A recent alert was released last week when one of Salesforce.com’s security partners reported that the Dyre Trojan may now be targeting some Salesforce.com users. Dyre, found by PhishMe researchers, is said to be used in the recent JPMorgan Chase phishing email campaign currently undergoing investigation. The last breach reported by the bank in December 2013 affected nearly 500,000 individuals, as reported by Reuters.
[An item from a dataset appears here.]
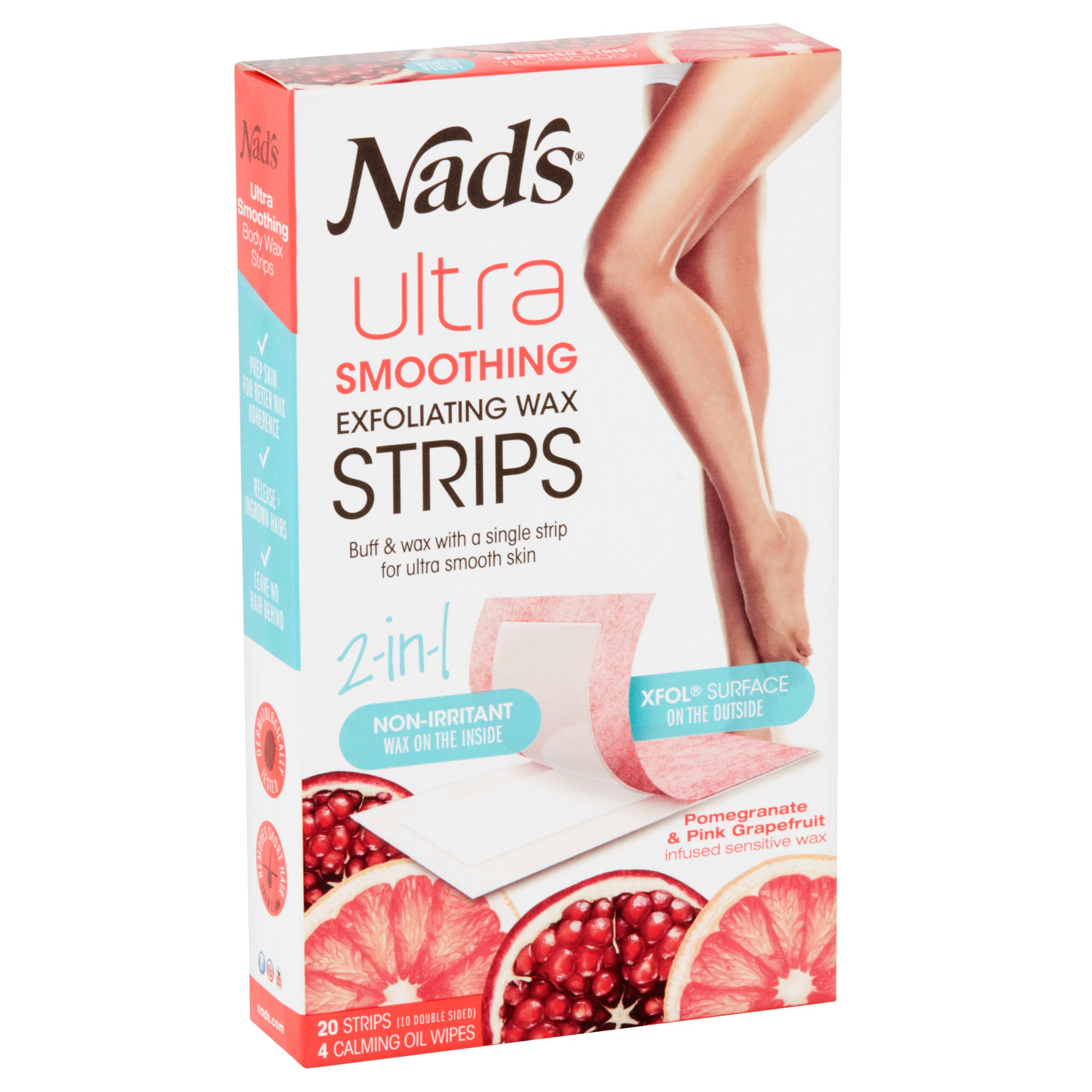 Each Ultra Smoothing Exfoliating Wax Strip features Nad?s patented Xfol technology, a coarse outer surface that buffs away the build up of dead skin and releases ingrown hair, allowing the premium wax to adhere to and remove even more hair, for the best hair removal results at home.Nad’s Exfoliating Body Wax Strips, 20 Count + 4 Post Wax Calming Oil Wipes

Their Salesforce.com-specific recommendations for organizations include:

  • Working with your IT security team to ensure your anti-malware can detect Dyre
  • Activating IP Range Restrictions to ensure users can access Salesforce.com only from your corporate network or VPN
  • Use SMS/Email Identity Confirmation as added login protection with Salesforce credentials
  • Implement the Salesforce# Authenticator App that also provides an additional layer of security with 2-step verification
  • Leverage SAML authentication capabilities that require all authentication attempts to be sourced from your network

I had to do a little more digging to find details on their authentication security options, including two-factor authentication. In a video titled Enhancing Security with Two-Factor Authentication, they stated that Salesforce.com automatically conducts Risk-Based Authentication whenever customers log in, which includes the following:

  • Analyzes authentication events for network location and activated browsers
  • Sends one-time passwords via email or text message
  • Lets you view and manage information, including user network and browsers
  • Lets you set up trusted networks

Customers are also given the option to enable Salesforce.com’s two-factor authentication mobile app that generates time-based OTPs (one-time passwords), which is an always-changing code that you must manually type into the login prompt.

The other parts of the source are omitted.